Segment Open

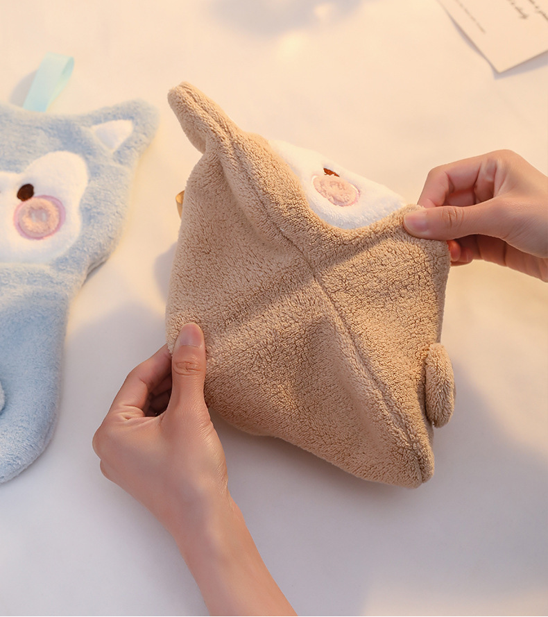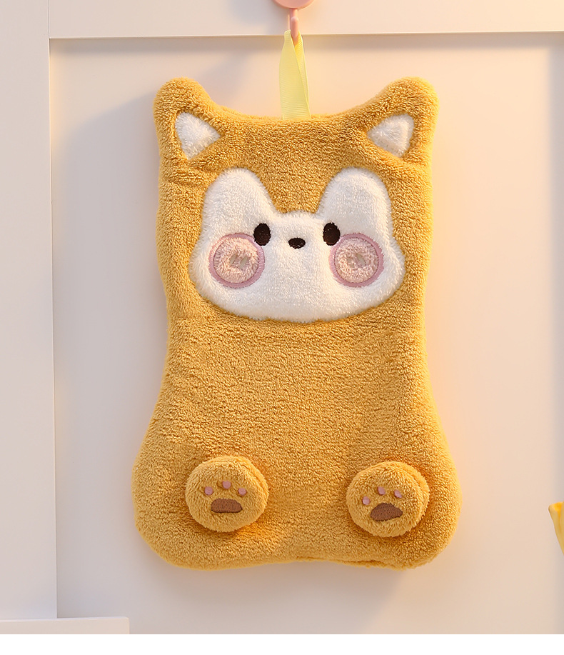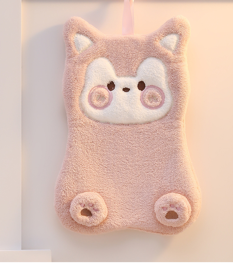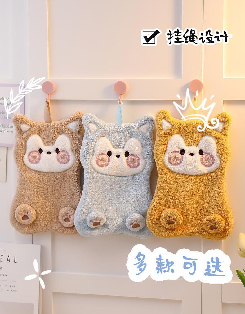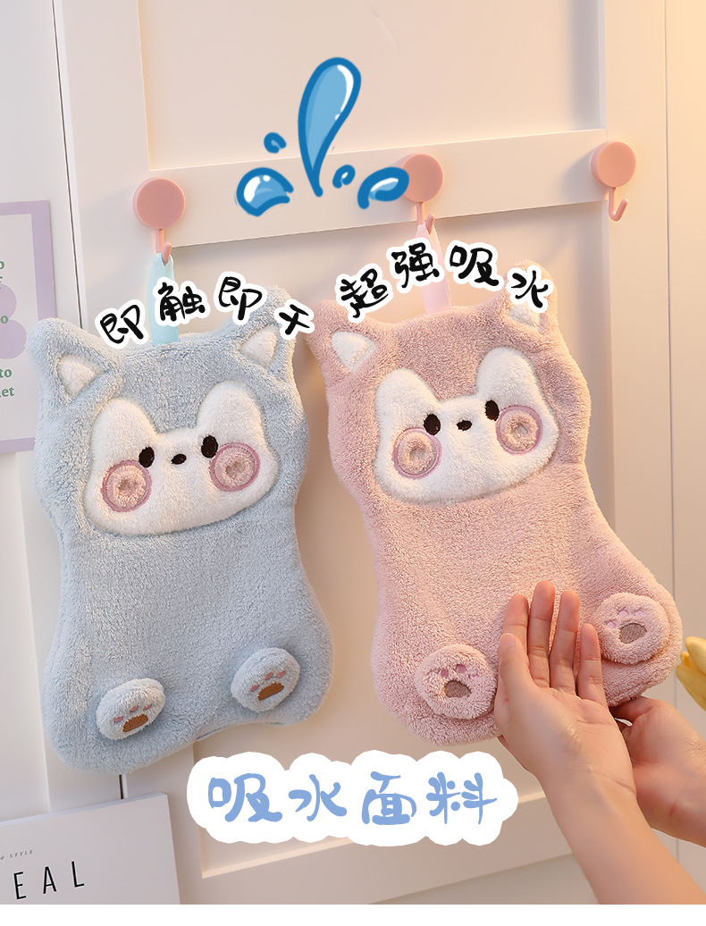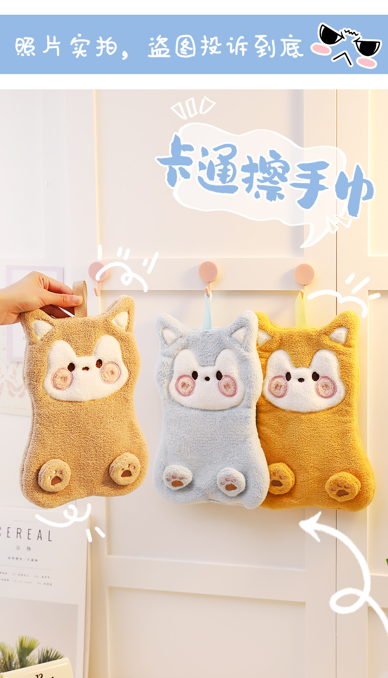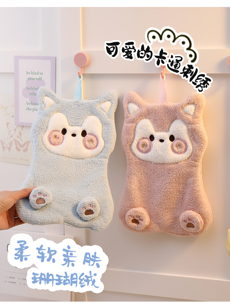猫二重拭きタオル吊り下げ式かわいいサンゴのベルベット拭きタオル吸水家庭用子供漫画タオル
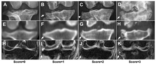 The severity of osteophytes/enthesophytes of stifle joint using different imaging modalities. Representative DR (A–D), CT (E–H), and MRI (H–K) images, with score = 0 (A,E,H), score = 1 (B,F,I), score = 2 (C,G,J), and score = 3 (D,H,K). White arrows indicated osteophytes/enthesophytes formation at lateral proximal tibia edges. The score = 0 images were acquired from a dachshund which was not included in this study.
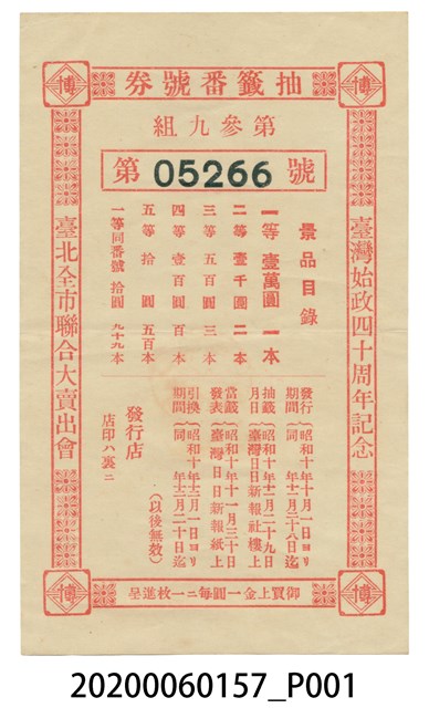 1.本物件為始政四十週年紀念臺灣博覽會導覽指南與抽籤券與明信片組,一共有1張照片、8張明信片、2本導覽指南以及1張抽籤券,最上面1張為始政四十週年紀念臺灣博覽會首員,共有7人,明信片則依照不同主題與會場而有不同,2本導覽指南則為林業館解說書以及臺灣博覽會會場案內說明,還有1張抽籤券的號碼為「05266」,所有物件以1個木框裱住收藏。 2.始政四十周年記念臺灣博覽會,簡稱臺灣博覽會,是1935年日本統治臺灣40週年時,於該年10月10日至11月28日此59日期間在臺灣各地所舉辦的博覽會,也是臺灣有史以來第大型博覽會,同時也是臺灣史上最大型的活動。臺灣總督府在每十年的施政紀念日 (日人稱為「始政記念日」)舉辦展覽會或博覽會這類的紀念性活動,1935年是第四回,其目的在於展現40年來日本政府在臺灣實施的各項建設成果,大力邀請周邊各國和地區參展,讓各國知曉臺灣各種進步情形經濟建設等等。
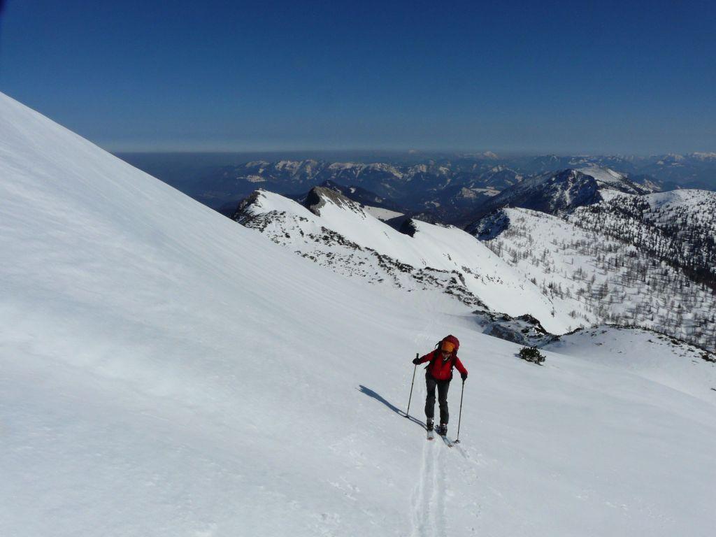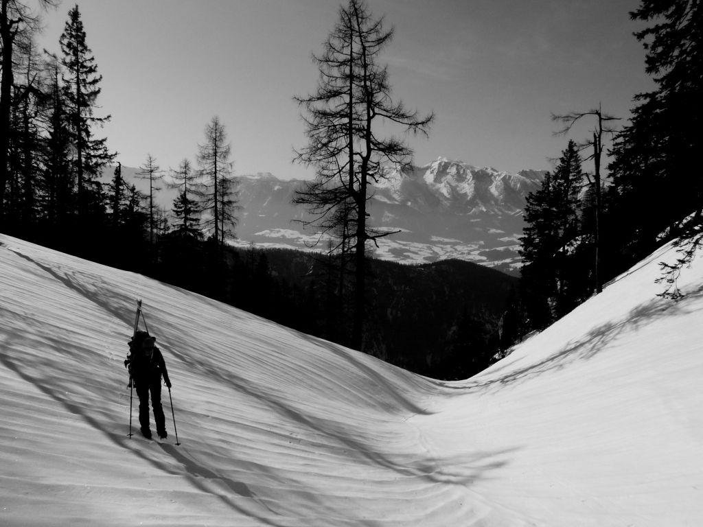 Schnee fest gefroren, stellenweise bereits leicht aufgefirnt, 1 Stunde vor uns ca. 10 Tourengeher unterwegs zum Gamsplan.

Segment Closed

- **Exercise requirements**
Write down exactly the lines running from the line with "The severity of" through the end of the material, both ends included, and none of the pictures.

- **Exercise response**
 The severity of osteophytes/enthesophytes of stifle joint using different imaging modalities. Representative DR (A–D), CT (E–H), and MRI (H–K) images, with score = 0 (A,E,H), score = 1 (B,F,I), score = 2 (C,G,J), and score = 3 (D,H,K). White arrows indicated osteophytes/enthesophytes formation at lateral proximal tibia edges. The score = 0 images were acquired from a dachshund which was not included in this study.
 1.本物件為始政四十週年紀念臺灣博覽會導覽指南與抽籤券與明信片組,一共有1張照片、8張明信片、2本導覽指南以及1張抽籤券,最上面1張為始政四十週年紀念臺灣博覽會首員,共有7人,明信片則依照不同主題與會場而有不同,2本導覽指南則為林業館解說書以及臺灣博覽會會場案內說明,還有1張抽籤券的號碼為「05266」,所有物件以1個木框裱住收藏。 2.始政四十周年記念臺灣博覽會,簡稱臺灣博覽會,是1935年日本統治臺灣40週年時,於該年10月10日至11月28日此59日期間在臺灣各地所舉辦的博覽會,也是臺灣有史以來第大型博覽會,同時也是臺灣史上最大型的活動。臺灣總督府在每十年的施政紀念日 (日人稱為「始政記念日」)舉辦展覽會或博覽會這類的紀念性活動,1935年是第四回,其目的在於展現40年來日本政府在臺灣實施的各項建設成果,大力邀請周邊各國和地區參展,讓各國知曉臺灣各種進步情形經濟建設等等。
 Schnee fest gefroren, stellenweise bereits leicht aufgefirnt, 1 Stunde vor uns ca. 10 Tourengeher unterwegs zum Gamsplan.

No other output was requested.